▶ [TASK DETAILS]: Go to the line with "(사진출처=김동연 페이스북) |" in the entries below and write out every line from there through the line with "内容器と外容器の二重構造で蒸", exactly and without pictures.

▶ [DATASET RECORDS]:
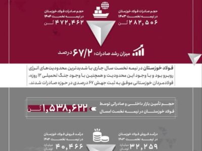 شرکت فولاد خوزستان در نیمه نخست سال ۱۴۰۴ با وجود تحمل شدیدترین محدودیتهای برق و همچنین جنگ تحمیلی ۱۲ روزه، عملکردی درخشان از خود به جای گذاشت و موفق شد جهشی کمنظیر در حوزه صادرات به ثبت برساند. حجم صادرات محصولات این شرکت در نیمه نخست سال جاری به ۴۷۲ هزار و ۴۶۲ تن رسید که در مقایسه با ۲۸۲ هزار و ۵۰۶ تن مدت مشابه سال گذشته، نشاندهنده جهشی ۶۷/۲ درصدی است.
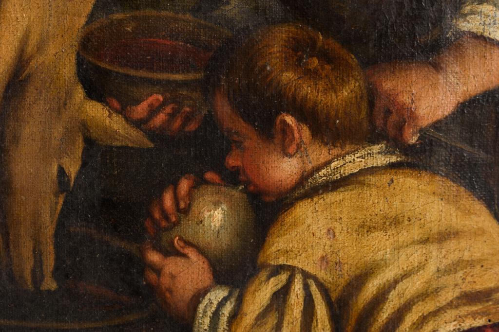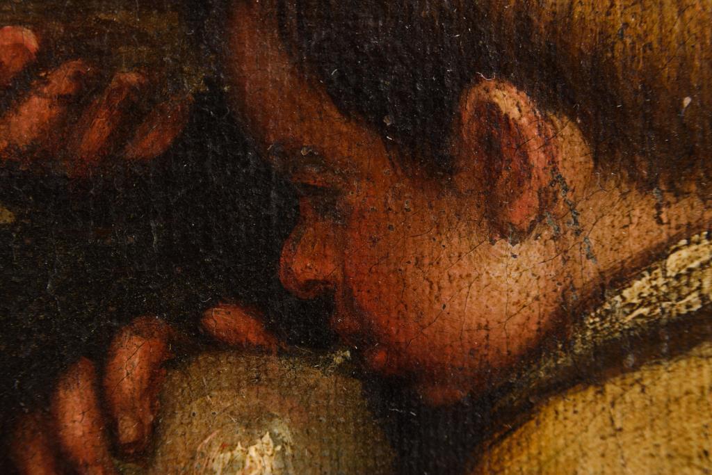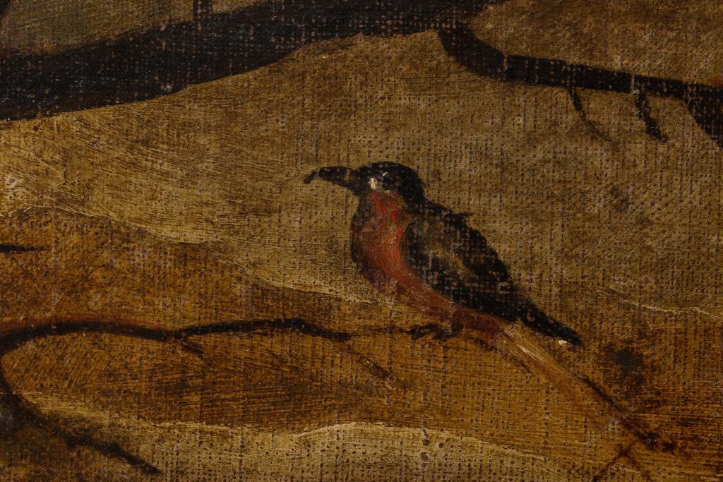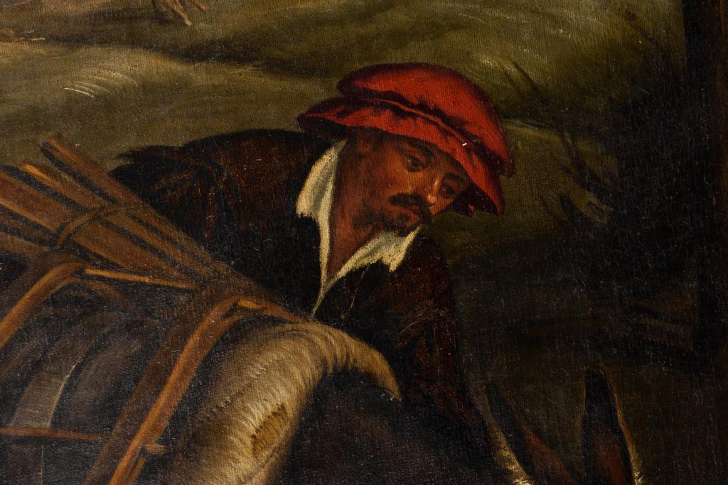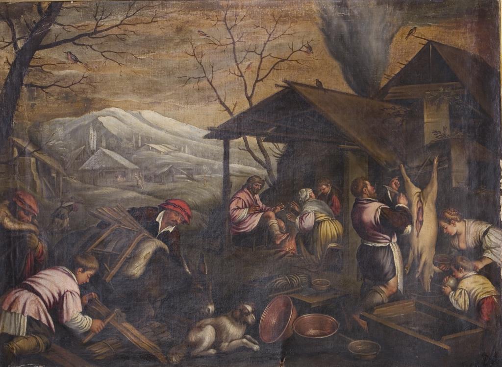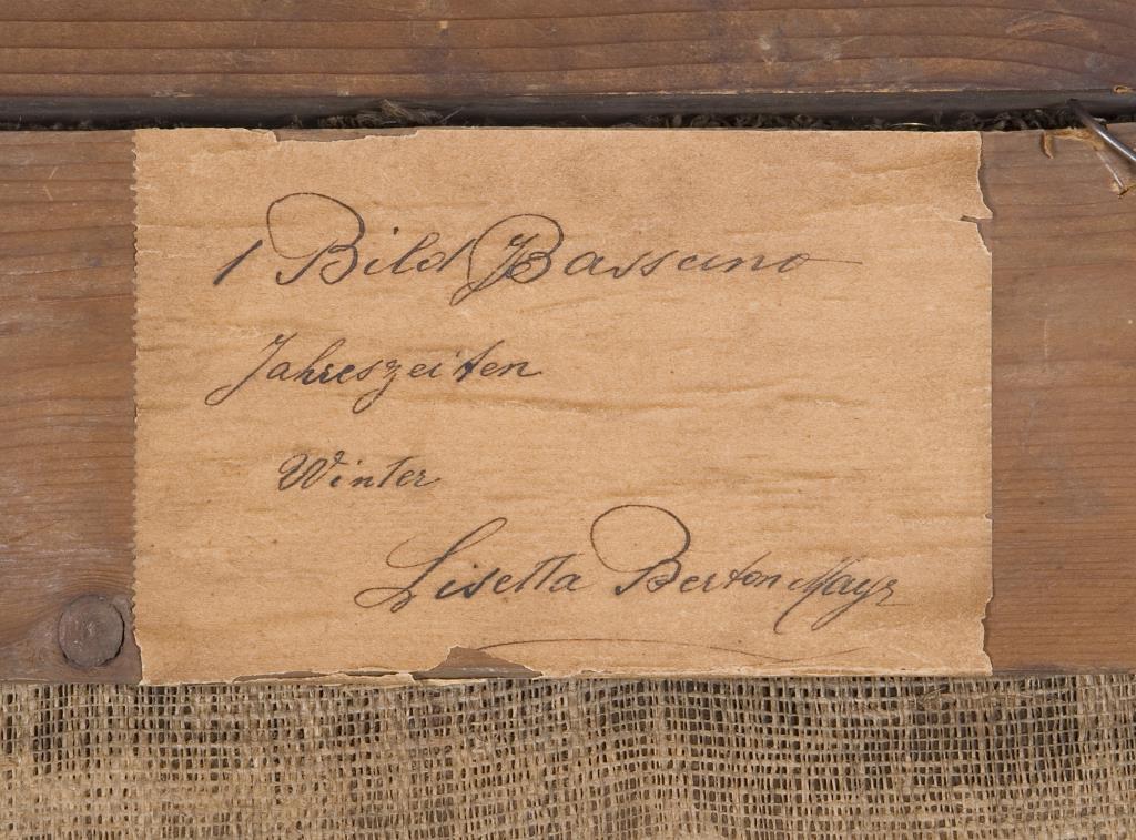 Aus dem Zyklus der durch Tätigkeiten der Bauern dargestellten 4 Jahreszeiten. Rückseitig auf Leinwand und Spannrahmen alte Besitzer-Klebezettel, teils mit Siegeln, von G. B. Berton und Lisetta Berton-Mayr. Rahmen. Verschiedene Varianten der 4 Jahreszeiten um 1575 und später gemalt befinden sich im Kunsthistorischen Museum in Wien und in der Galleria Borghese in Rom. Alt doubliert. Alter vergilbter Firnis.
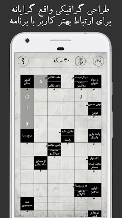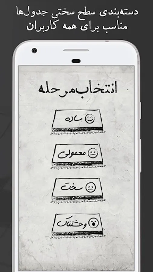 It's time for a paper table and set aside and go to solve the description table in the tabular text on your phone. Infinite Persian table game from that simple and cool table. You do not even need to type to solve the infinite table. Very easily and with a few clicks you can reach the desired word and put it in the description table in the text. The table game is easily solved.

---

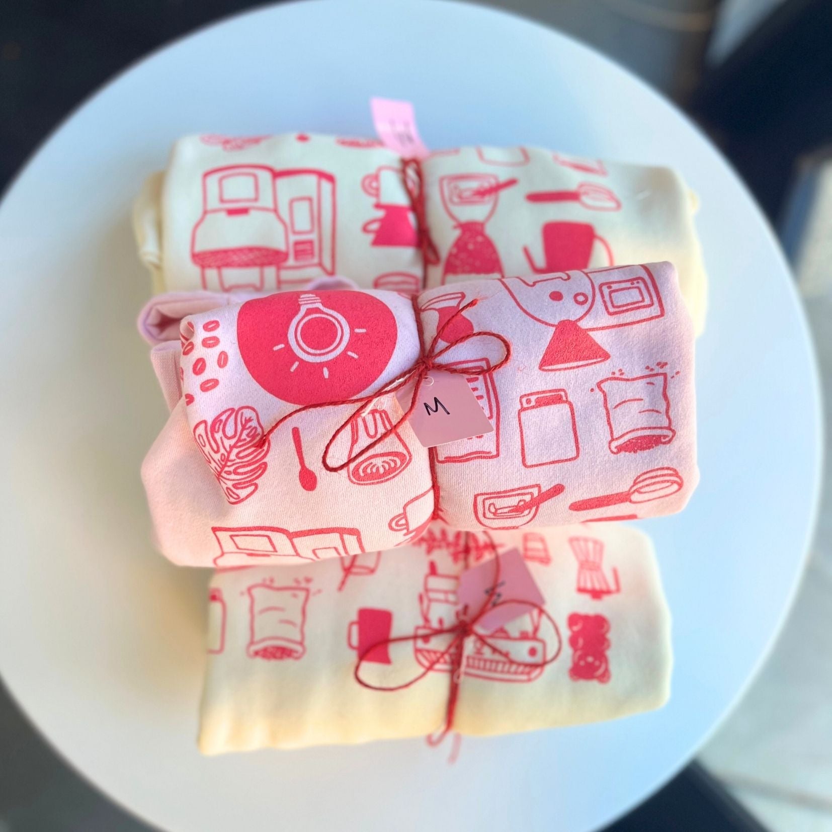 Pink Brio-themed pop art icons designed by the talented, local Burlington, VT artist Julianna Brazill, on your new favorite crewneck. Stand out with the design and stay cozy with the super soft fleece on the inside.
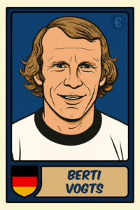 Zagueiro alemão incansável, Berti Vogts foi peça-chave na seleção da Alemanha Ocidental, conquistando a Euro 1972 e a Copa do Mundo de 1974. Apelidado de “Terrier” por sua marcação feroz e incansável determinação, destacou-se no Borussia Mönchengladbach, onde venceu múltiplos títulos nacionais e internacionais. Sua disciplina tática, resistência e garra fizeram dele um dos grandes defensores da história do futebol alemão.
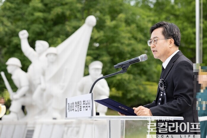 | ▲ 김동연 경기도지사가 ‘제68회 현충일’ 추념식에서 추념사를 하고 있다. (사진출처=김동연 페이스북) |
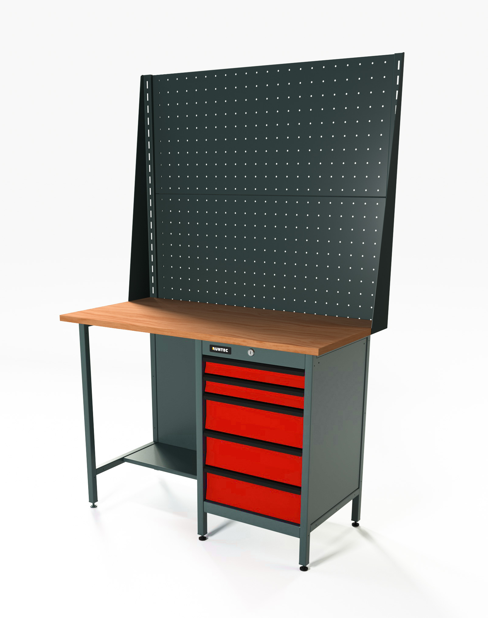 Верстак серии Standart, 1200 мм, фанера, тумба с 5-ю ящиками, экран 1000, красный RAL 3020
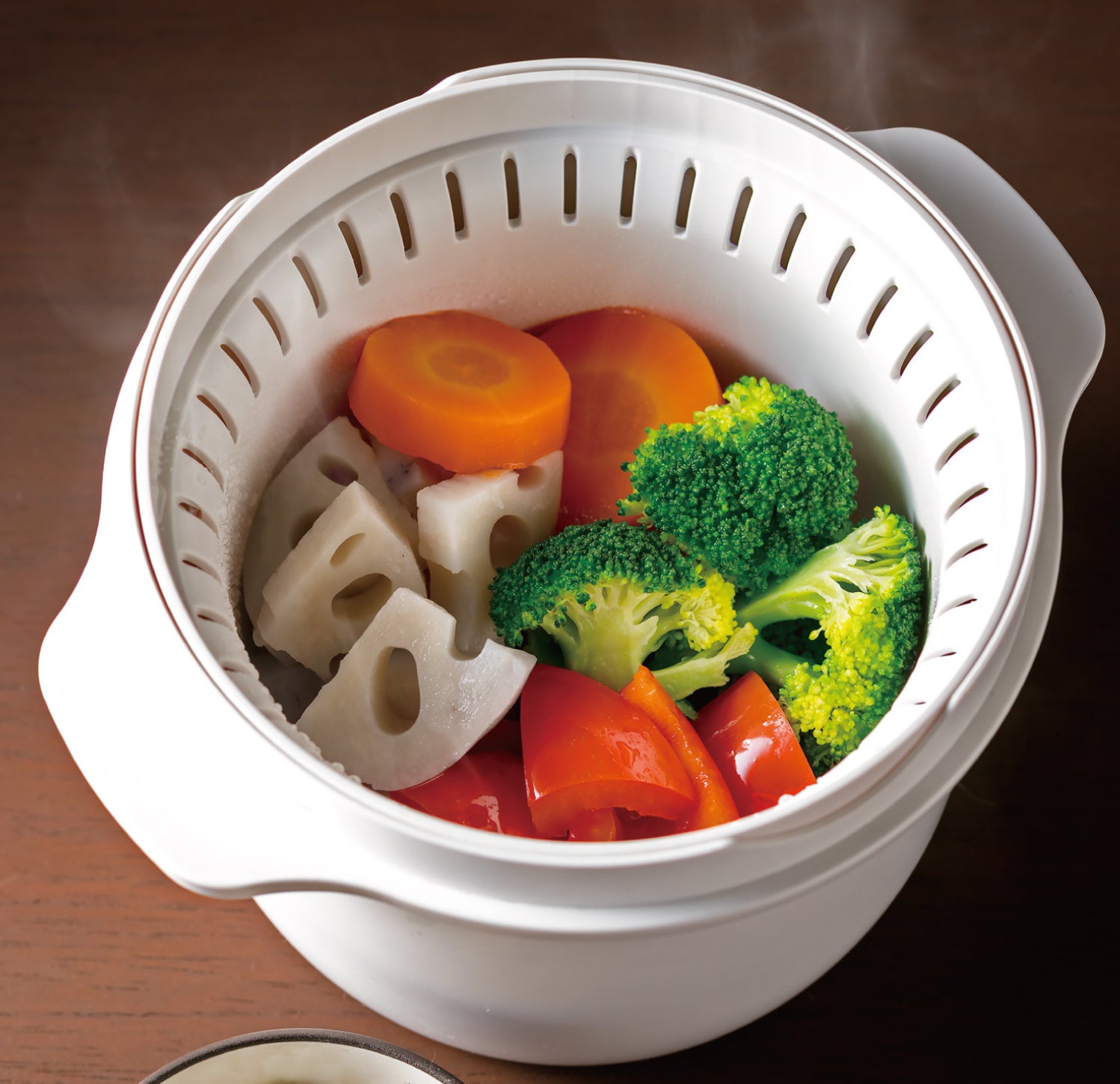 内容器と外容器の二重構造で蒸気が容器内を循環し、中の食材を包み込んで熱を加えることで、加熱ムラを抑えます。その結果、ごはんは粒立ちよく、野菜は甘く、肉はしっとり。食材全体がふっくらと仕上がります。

▶ [EXERCISE ANSWER]:
 | ▲ 김동연 경기도지사가 ‘제68회 현충일’ 추념식에서 추념사를 하고 있다. (사진출처=김동연 페이스북) |
 Верстак серии Standart, 1200 мм, фанера, тумба с 5-ю ящиками, экран 1000, красный RAL 3020
 内容器と外容器の二重構造で蒸気が容器内を循環し、中の食材を包み込んで熱を加えることで、加熱ムラを抑えます。その結果、ごはんは粒立ちよく、野菜は甘く、肉はしっとり。食材全体がふっくらと仕上がります。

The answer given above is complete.